### DIRECTIONS FOR THIS TASK
When you reach the line below that has "15 宮崎牛 サーロイン ステーキ用 340g 賞味期限: 出荷日より冷凍90日", start returning lines exactly, and stop after the line that has "F05291 RECEPTOR RF BASIC-MINI 12-24V"; skip the pictures.

[Items from a data source]
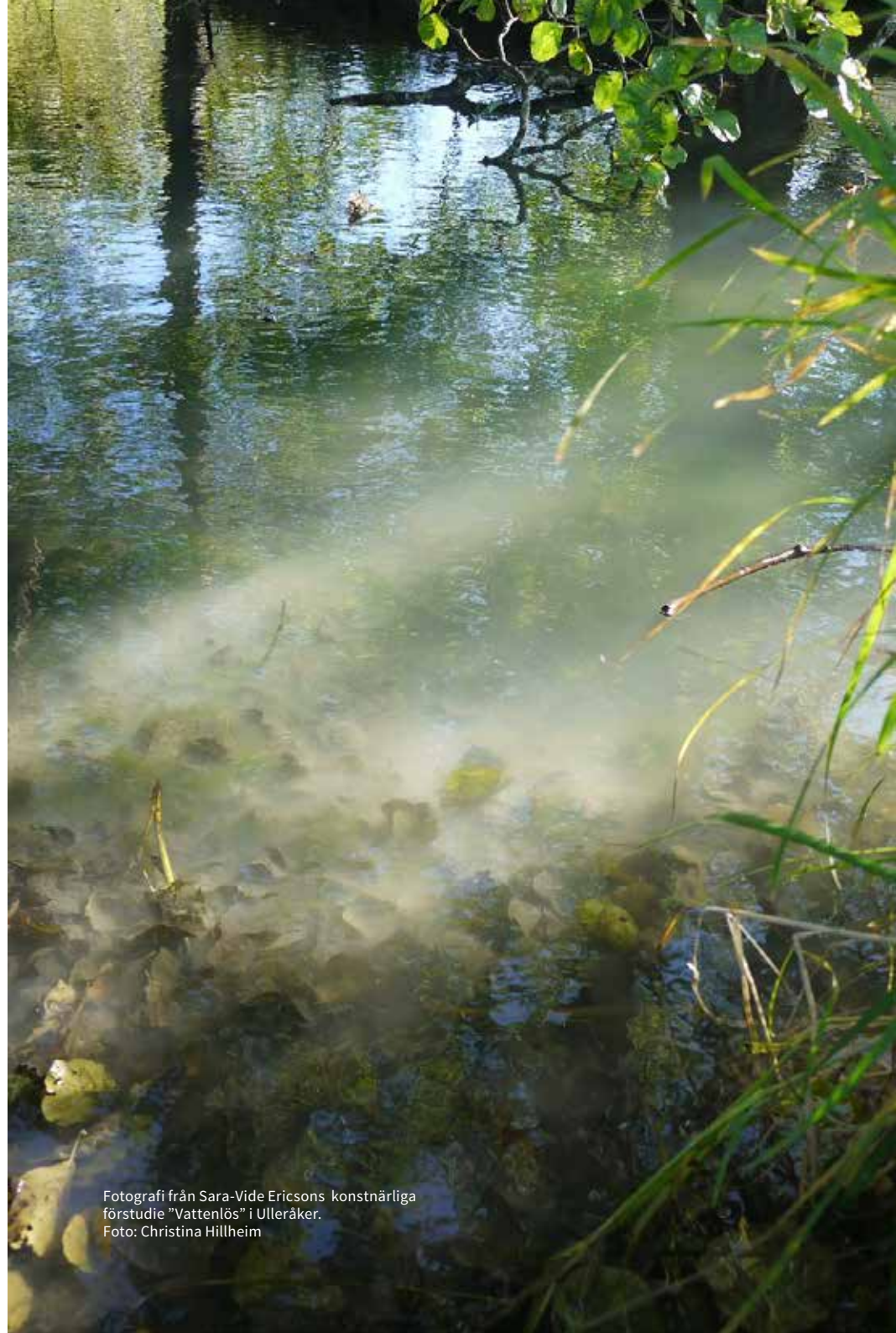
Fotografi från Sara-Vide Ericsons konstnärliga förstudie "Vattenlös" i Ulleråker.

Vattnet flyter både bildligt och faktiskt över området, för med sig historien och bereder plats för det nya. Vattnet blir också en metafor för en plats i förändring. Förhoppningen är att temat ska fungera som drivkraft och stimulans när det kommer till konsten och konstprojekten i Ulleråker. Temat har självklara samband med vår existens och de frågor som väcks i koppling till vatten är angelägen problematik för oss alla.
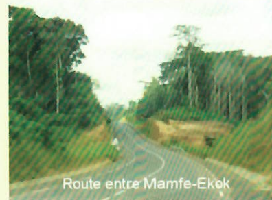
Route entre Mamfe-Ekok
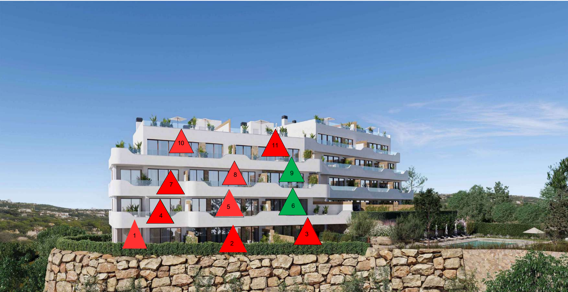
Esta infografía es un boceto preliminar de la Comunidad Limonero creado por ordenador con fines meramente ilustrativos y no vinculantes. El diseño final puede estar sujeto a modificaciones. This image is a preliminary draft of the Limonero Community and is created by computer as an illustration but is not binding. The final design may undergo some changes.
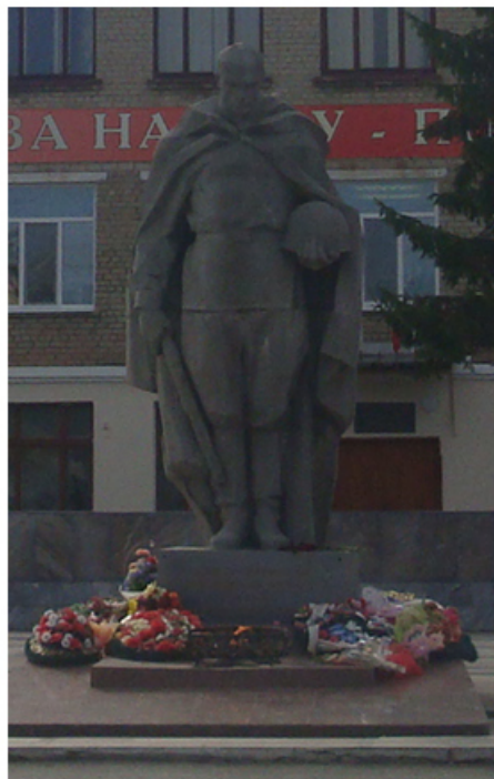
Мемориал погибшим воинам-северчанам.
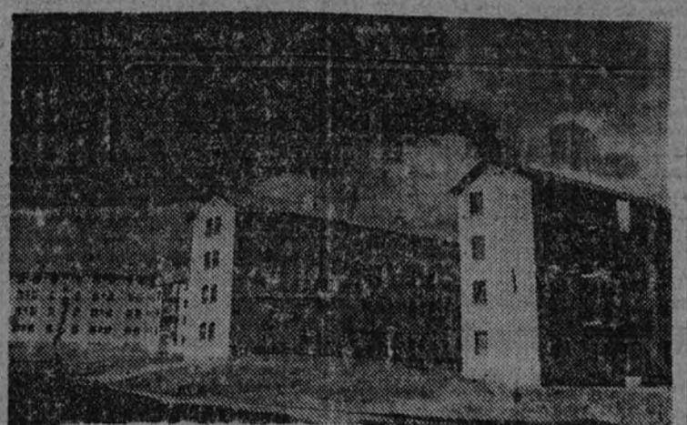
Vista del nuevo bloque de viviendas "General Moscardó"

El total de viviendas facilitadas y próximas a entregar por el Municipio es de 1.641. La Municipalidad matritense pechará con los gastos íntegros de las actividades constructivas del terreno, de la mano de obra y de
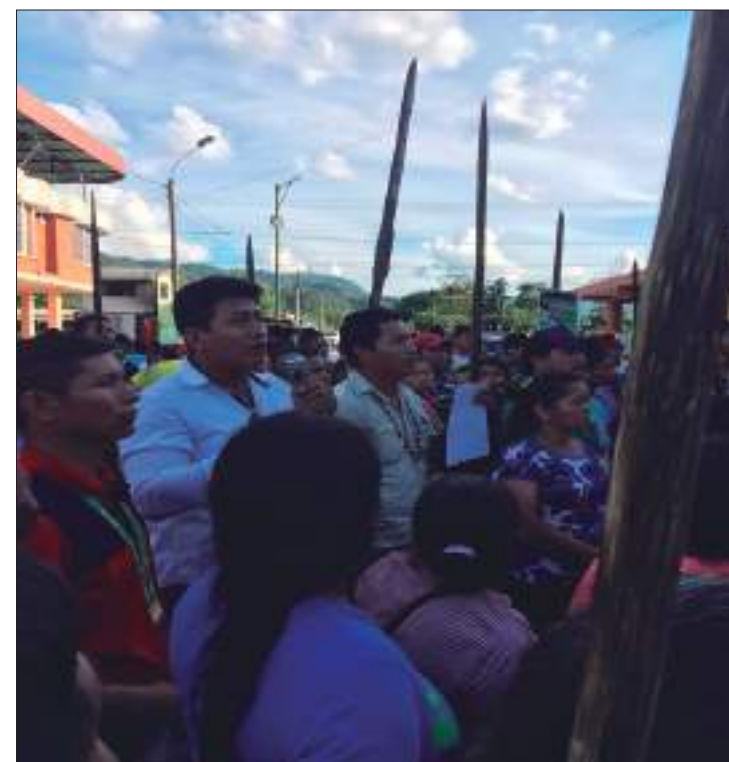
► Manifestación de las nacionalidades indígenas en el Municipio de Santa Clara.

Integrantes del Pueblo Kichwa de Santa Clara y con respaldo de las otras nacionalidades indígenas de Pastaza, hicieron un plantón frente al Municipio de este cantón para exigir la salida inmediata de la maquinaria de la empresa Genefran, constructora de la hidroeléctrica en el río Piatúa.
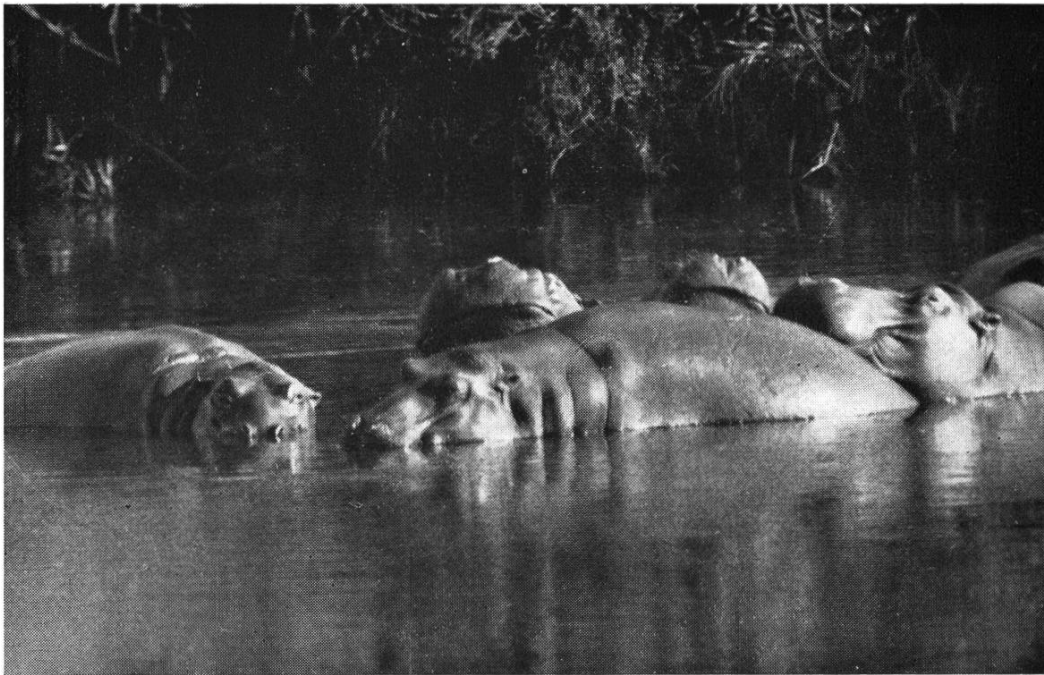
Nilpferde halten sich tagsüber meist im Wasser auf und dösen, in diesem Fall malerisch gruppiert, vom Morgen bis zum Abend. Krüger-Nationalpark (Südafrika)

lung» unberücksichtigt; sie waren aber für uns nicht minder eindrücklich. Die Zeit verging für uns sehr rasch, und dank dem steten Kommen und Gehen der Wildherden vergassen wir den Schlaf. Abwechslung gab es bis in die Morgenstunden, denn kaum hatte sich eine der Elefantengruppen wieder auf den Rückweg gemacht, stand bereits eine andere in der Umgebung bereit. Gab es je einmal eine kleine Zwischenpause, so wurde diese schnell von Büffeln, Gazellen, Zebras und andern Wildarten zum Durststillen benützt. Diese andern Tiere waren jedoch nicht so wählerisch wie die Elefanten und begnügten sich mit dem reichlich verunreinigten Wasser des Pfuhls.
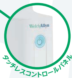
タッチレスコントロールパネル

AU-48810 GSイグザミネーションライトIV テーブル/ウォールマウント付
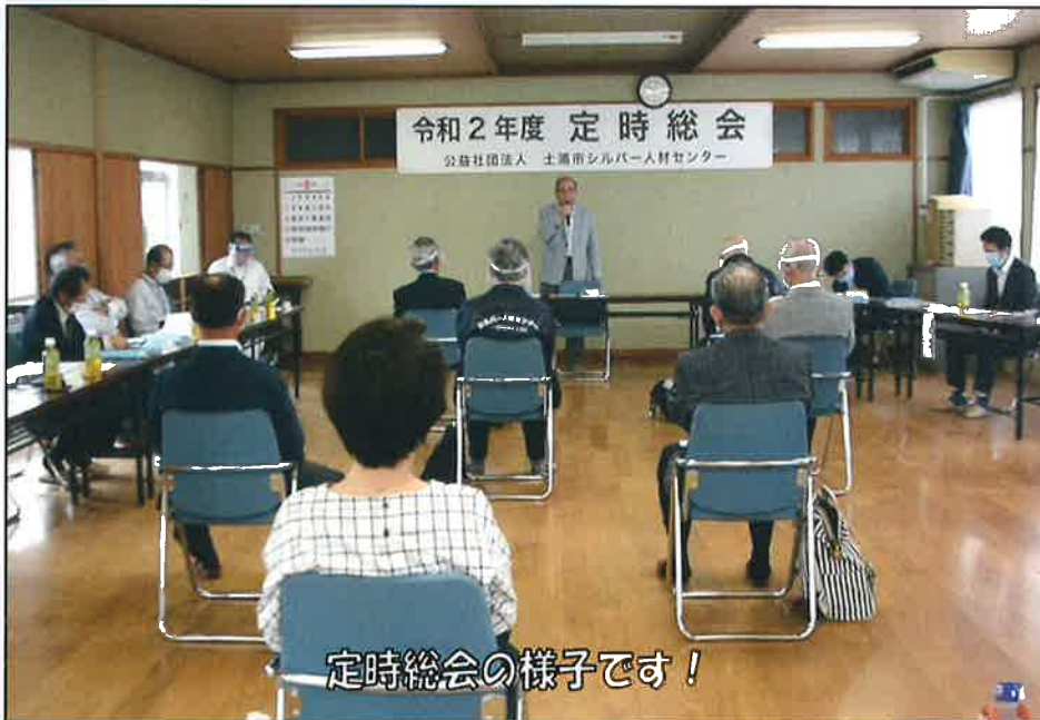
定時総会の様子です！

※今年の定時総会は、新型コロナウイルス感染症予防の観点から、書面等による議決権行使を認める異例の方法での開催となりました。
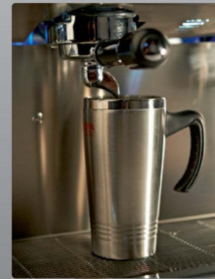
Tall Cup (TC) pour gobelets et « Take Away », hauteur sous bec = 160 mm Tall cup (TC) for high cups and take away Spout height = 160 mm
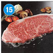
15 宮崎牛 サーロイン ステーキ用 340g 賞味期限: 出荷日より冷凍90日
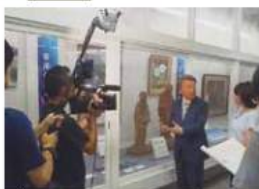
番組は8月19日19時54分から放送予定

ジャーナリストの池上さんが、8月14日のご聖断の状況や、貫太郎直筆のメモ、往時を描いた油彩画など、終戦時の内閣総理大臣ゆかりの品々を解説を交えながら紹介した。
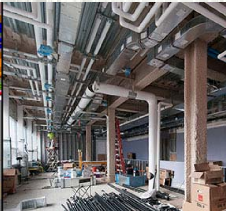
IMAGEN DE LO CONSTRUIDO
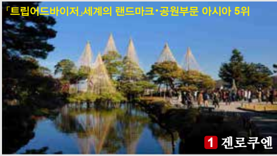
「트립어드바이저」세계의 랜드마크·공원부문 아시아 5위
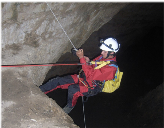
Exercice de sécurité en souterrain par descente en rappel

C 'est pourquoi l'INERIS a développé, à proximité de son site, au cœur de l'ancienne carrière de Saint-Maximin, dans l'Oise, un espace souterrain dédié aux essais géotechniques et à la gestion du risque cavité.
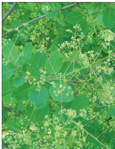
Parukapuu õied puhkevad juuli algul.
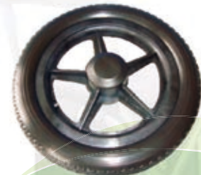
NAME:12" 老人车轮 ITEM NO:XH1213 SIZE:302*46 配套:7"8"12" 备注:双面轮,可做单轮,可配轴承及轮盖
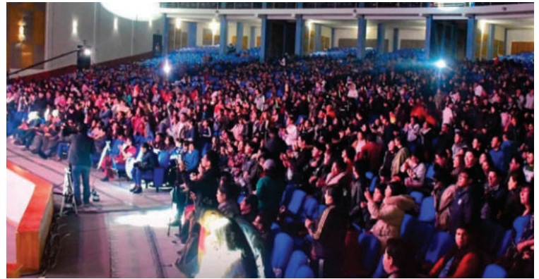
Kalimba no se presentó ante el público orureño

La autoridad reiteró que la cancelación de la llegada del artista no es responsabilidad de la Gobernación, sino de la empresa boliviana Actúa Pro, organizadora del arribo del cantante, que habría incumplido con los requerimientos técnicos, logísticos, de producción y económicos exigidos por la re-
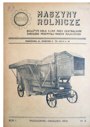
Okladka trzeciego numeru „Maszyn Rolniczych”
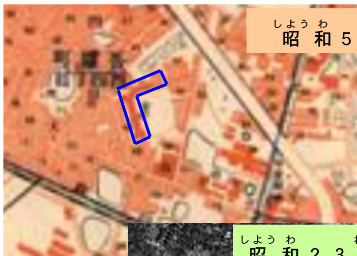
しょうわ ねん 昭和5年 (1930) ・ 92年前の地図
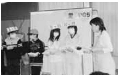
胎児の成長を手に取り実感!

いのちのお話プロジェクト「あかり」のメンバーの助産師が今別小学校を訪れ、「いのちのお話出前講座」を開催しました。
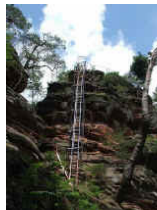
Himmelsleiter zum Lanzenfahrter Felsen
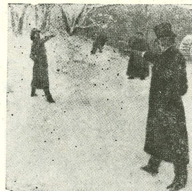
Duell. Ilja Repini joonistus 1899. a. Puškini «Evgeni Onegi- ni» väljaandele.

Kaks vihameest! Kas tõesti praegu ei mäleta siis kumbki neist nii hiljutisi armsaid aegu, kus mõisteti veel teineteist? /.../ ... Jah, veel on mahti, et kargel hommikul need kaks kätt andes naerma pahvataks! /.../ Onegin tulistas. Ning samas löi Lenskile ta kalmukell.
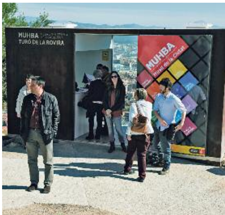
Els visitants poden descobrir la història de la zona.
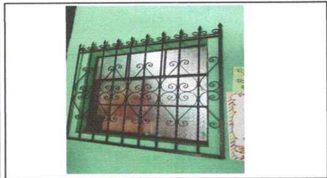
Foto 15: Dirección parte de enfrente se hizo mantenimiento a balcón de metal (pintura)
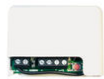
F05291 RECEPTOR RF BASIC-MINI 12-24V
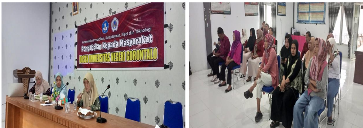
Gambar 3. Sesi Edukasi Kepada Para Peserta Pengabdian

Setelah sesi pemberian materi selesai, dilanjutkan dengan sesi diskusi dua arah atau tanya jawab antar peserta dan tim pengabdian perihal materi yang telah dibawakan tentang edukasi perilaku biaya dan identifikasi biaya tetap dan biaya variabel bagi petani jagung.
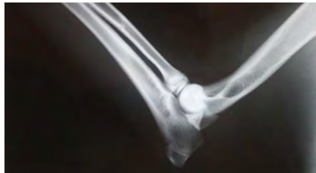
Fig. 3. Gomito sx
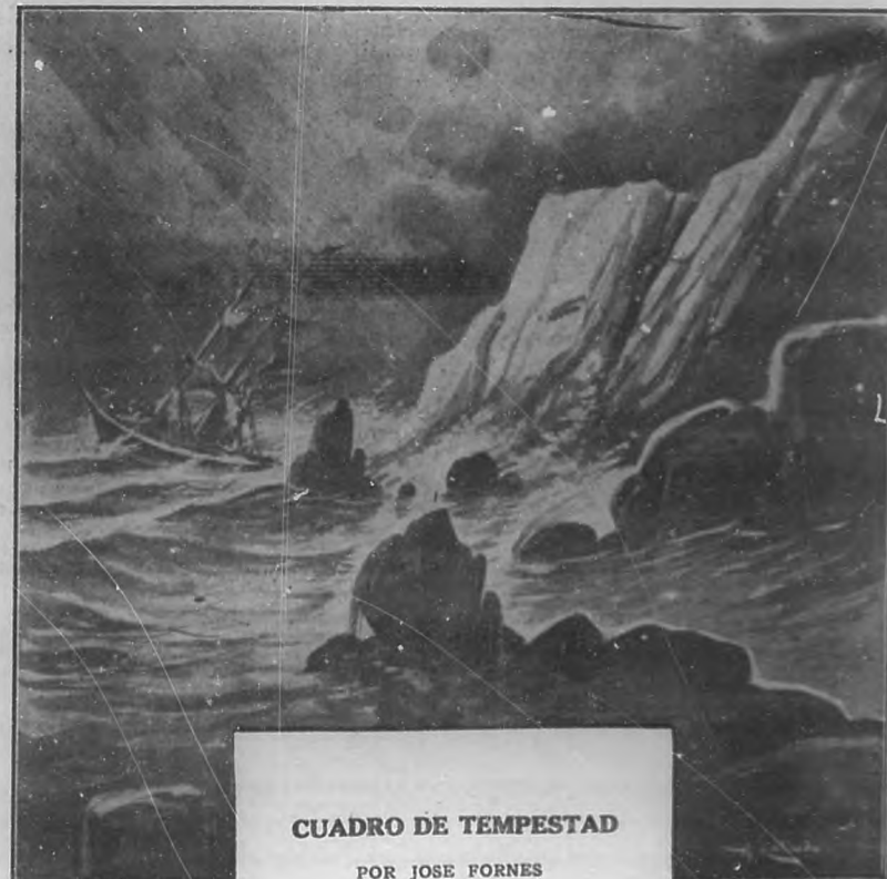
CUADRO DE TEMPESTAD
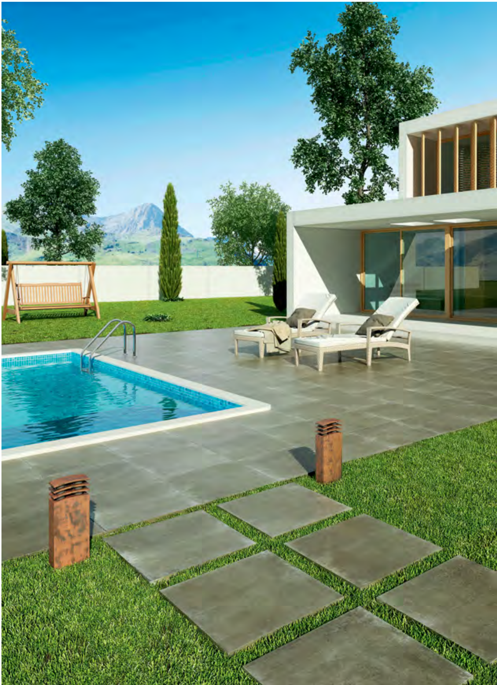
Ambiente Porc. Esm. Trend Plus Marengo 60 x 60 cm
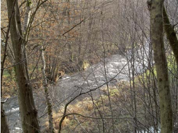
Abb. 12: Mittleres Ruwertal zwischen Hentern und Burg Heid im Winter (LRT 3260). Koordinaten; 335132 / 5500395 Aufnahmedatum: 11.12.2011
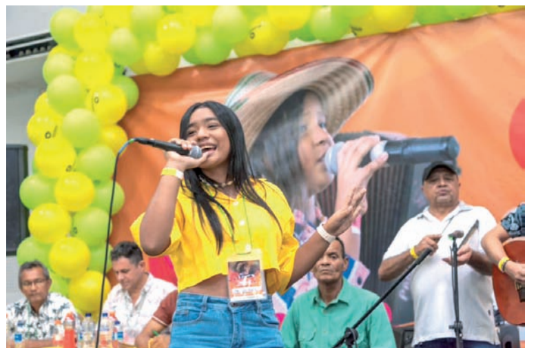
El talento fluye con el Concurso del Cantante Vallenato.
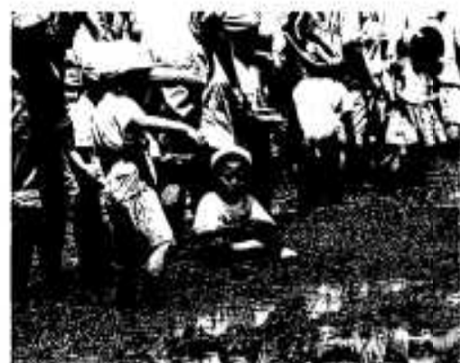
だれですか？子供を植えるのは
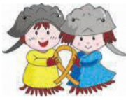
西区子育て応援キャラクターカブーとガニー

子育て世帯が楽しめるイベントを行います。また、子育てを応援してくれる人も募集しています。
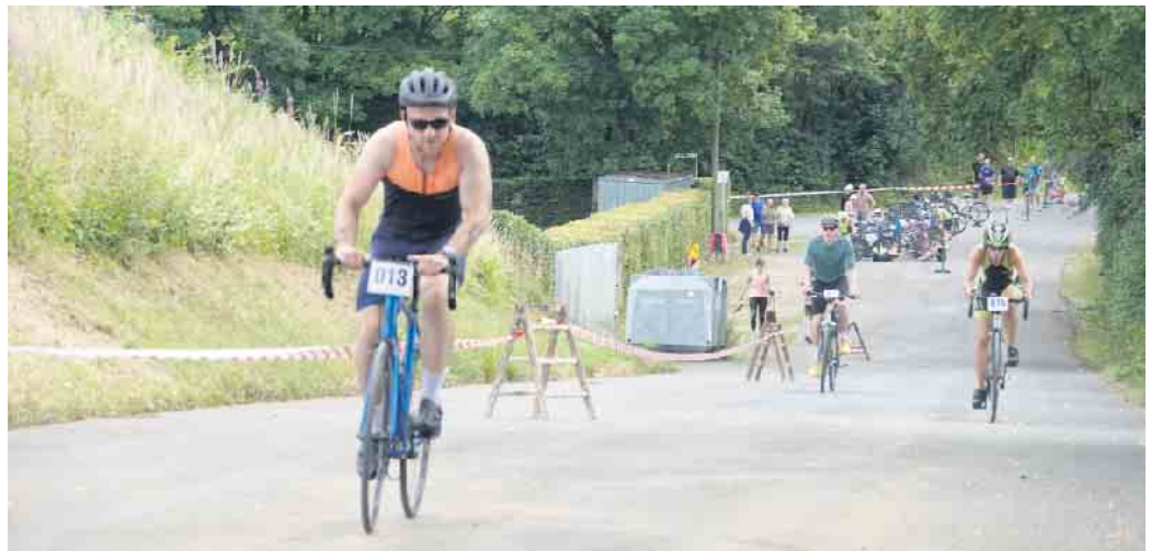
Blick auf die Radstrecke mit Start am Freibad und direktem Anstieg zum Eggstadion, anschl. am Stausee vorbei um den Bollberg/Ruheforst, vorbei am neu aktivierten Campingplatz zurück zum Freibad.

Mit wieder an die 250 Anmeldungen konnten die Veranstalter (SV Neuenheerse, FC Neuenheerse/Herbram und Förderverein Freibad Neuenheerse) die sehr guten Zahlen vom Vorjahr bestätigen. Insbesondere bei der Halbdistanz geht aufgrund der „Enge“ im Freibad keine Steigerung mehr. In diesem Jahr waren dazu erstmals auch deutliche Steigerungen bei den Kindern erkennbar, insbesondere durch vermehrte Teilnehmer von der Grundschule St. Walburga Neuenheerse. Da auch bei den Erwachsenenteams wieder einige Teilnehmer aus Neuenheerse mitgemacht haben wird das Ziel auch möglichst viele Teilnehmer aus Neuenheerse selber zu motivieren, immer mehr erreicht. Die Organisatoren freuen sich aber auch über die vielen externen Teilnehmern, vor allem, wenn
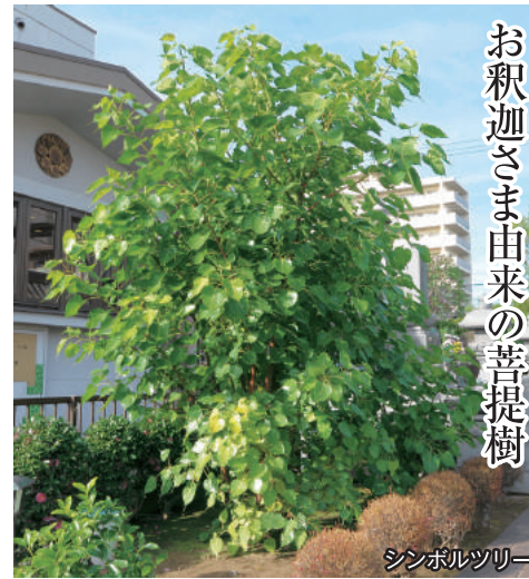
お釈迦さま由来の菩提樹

### WRITTEN SOLUTION
15 宮崎牛 サーロイン ステーキ用 340g 賞味期限: 出荷日より冷凍90日
番組は8月19日19時54分から放送予定

ジャーナリストの池上さんが、8月14日のご聖断の状況や、貫太郎直筆のメモ、往時を描いた油彩画など、終戦時の内閣総理大臣ゆかりの品々を解説を交えながら紹介した。
IMAGEN DE LO CONSTRUIDO
「트립어드바이저」세계의 랜드마크·공원부문 아시아 5위
Exercice de sécurité en souterrain par descente en rappel

C 'est pourquoi l'INERIS a développé, à proximité de son site, au cœur de l'ancienne carrière de Saint-Maximin, dans l'Oise, un espace souterrain dédié aux essais géotechniques et à la gestion du risque cavité.
Parukapuu õied puhkevad juuli algul.
NAME:12" 老人车轮 ITEM NO:XH1213 SIZE:302*46 配套:7"8"12" 备注:双面轮,可做单轮,可配轴承及轮盖
Kalimba no se presentó ante el público orureño

La autoridad reiteró que la cancelación de la llegada del artista no es responsabilidad de la Gobernación, sino de la empresa boliviana Actúa Pro, organizadora del arribo del cantante, que habría incumplido con los requerimientos técnicos, logísticos, de producción y económicos exigidos por la re-
Okladka trzeciego numeru „Maszyn Rolniczych”
しょうわ ねん 昭和5年 (1930) ・ 92年前の地図
胎児の成長を手に取り実感!

いのちのお話プロジェクト「あかり」のメンバーの助産師が今別小学校を訪れ、「いのちのお話出前講座」を開催しました。
Himmelsleiter zum Lanzenfahrter Felsen
Duell. Ilja Repini joonistus 1899. a. Puškini «Evgeni Onegi- ni» väljaandele.

Kaks vihameest! Kas tõesti praegu ei mäleta siis kumbki neist nii hiljutisi armsaid aegu, kus mõisteti veel teineteist? /.../ ... Jah, veel on mahti, et kargel hommikul need kaks kätt andes naerma pahvataks! /.../ Onegin tulistas. Ning samas löi Lenskile ta kalmukell.
Els visitants poden descobrir la història de la zona.
Foto 15: Dirección parte de enfrente se hizo mantenimiento a balcón de metal (pintura)
F05291 RECEPTOR RF BASIC-MINI 12-24V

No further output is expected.